BY JULIEN JUNG IN BUILDING IN PUBLIC

Building a YouTube Comment Analysis Tool

A tool that allows you to analyze YouTube comments with AI.

I've been toying with the idea of building a YouTube comment analysis tool—something inspired by GummySearch but focused entirely on YouTube as a discovery platform. The goal? To extract valuable insights from video comments and turn them into actionable ideas. Since I'm building this in public, I want to share my thought process, challenges, and what I've learned so far.

The Core Idea

The tool I'm working on will allow users to input YouTube channels or specific videos manually. Once added, the tool will analyze all the comments associated with those videos, surfacing trends, opinions, and discussions.
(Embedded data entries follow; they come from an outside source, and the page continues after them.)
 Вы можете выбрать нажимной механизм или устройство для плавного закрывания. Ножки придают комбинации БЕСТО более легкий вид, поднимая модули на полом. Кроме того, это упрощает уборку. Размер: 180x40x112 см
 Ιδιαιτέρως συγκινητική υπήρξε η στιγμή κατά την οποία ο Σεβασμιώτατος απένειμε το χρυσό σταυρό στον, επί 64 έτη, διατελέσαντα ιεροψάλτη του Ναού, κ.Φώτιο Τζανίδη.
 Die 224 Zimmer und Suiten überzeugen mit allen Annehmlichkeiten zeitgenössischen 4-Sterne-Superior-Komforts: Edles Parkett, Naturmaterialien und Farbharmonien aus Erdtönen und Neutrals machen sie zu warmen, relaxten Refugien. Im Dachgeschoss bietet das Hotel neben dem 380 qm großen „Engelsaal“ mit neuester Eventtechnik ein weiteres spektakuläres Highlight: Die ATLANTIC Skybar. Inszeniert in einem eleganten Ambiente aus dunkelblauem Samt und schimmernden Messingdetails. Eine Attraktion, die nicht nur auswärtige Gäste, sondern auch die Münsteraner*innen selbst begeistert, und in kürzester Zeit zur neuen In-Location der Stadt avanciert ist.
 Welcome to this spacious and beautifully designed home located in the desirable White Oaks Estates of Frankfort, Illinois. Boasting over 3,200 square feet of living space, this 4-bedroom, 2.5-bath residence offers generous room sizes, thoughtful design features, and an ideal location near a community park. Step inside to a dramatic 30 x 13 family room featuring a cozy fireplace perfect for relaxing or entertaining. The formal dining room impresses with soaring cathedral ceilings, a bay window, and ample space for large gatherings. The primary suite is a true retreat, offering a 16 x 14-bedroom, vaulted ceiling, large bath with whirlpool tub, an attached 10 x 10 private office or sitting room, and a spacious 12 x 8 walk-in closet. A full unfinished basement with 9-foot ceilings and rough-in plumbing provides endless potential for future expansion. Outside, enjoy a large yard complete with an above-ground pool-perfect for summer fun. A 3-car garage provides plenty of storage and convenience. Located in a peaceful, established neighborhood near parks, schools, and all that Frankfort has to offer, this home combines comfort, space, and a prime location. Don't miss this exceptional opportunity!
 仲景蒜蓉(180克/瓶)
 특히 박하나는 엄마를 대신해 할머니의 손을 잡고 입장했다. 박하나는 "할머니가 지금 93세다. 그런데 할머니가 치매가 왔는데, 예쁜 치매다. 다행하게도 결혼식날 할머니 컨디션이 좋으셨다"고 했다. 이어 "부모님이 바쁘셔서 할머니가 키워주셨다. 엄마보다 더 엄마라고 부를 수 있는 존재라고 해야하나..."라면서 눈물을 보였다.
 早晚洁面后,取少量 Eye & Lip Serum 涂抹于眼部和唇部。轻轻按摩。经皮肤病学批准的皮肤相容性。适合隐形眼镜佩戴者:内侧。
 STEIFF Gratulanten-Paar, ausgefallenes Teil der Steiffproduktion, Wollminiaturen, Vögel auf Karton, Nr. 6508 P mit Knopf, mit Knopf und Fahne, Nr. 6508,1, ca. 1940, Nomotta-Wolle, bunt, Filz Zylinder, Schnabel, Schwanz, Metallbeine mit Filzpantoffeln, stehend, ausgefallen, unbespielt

Essentially, it's about making sense of the massive amount of user-generated content on YouTube.

Structuring the Interface

One of the biggest questions I had to answer early on was: How should the interface be structured to make the experience intuitive?

Here’s the layout I’ve been experimenting with:

  • Left Panel: This is where users can add sources—either entire YouTube channels or specific videos they want to analyze.
  • Center Panel: This is where all the extracted comments will be displayed, along with insights generated from the data.
  • Top Buttons (Above the Center Panel): These will allow users to filter and analyze comments in different ways, such as:
    • Generating product ideas
    • Extracting content suggestions
    • Running sentiment analysis
    • Categorizing comments into positive and negative feedback
  • Right Panel: This section serves as an interactive conversation panel where users can explore insights in a more structured way, either through a chat-like interface or a summary table.
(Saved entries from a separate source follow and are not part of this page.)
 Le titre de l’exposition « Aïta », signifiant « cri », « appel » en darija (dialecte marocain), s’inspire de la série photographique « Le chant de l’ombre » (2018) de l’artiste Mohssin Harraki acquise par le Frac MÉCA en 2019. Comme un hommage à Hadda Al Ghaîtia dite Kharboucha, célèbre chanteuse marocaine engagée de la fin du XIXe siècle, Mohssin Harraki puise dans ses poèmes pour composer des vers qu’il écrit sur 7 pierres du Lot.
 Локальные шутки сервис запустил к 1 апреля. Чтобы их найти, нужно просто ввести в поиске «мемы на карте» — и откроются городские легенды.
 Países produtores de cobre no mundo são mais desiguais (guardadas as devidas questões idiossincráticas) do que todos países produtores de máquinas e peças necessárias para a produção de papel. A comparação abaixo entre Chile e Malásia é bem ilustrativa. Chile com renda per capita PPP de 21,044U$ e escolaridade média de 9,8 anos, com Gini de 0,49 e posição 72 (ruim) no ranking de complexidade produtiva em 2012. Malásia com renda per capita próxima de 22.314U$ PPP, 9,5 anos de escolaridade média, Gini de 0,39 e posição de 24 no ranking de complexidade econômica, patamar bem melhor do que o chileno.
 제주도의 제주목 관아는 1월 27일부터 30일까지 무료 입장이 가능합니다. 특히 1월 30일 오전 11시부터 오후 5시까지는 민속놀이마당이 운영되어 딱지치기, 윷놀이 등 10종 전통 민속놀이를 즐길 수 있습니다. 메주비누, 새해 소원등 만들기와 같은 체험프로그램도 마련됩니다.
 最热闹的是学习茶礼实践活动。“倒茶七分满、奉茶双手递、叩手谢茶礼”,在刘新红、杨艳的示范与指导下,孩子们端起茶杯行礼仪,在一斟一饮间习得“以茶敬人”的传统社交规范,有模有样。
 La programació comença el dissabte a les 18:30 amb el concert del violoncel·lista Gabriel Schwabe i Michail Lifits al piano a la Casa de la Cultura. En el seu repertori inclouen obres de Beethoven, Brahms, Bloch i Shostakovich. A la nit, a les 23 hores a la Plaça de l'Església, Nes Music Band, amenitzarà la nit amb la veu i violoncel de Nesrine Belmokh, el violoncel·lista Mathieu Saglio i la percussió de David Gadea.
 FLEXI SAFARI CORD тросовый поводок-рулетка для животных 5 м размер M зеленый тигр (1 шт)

This is a rough sketch of the prototype:

MVP

What the Tool Will Help With

After refining the concept, I realized that this tool could be incredibly valuable for:
✅ Identifying trends and product opportunities by analyzing what people are talking about.
✅ Understanding audience sentiment, both overall and by specific themes.
✅ Collecting content ideas based on what viewers are already discussing.
✅ Aggregating and summarizing feedback across multiple sources in one place.

By structuring the tool this way, it becomes much easier to spot recurring themes in comments, whether they’re complaints, feature requests, or content suggestions.

Exporting Insights

One feature I knew I needed was the ability to export insights. Once users analyze a set of comments, they should be able to export the results as a PDF—this makes it easy to share findings with a team or save them for later reference.

Challenges & Next Steps

Of course, building this tool comes with challenges. One of the biggest hurdles is ensuring that the comment analysis is efficient and meaningful—it’s not just about collecting comments, but actually extracting valuable insights. Some key challenges I’ll need to solve:

  • Efficiently scraping and processing large volumes of YouTube comments.
  • Implementing accurate sentiment analysis that doesn’t misinterpret sarcasm or nuanced opinions.
  • Designing a UI that makes navigating insights intuitive and actionable.
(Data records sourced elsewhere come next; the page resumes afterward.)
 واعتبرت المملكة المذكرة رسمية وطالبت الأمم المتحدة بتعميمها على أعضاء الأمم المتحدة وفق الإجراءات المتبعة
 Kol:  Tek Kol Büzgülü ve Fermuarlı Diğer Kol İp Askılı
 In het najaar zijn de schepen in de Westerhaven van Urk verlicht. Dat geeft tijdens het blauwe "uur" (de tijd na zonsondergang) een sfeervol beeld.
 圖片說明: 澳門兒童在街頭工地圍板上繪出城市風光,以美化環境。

Next, I’ll be working on refining the sentiment analysis and making sure the tool can handle a variety of content types. Ultimately, the goal is to provide a comprehensive and data-driven view of YouTube discussions that helps creators, marketers, and product builders make better decisions.

Learning in Public

Since I’m building this tool from scratch, I’ll be documenting my progress here. If you’re interested in data analysis, YouTube research, or building similar tools, let’s connect! I’d love to hear your thoughts, feedback, or any suggestions you might have.

Would you use a tool like this? What features would be most valuable to you?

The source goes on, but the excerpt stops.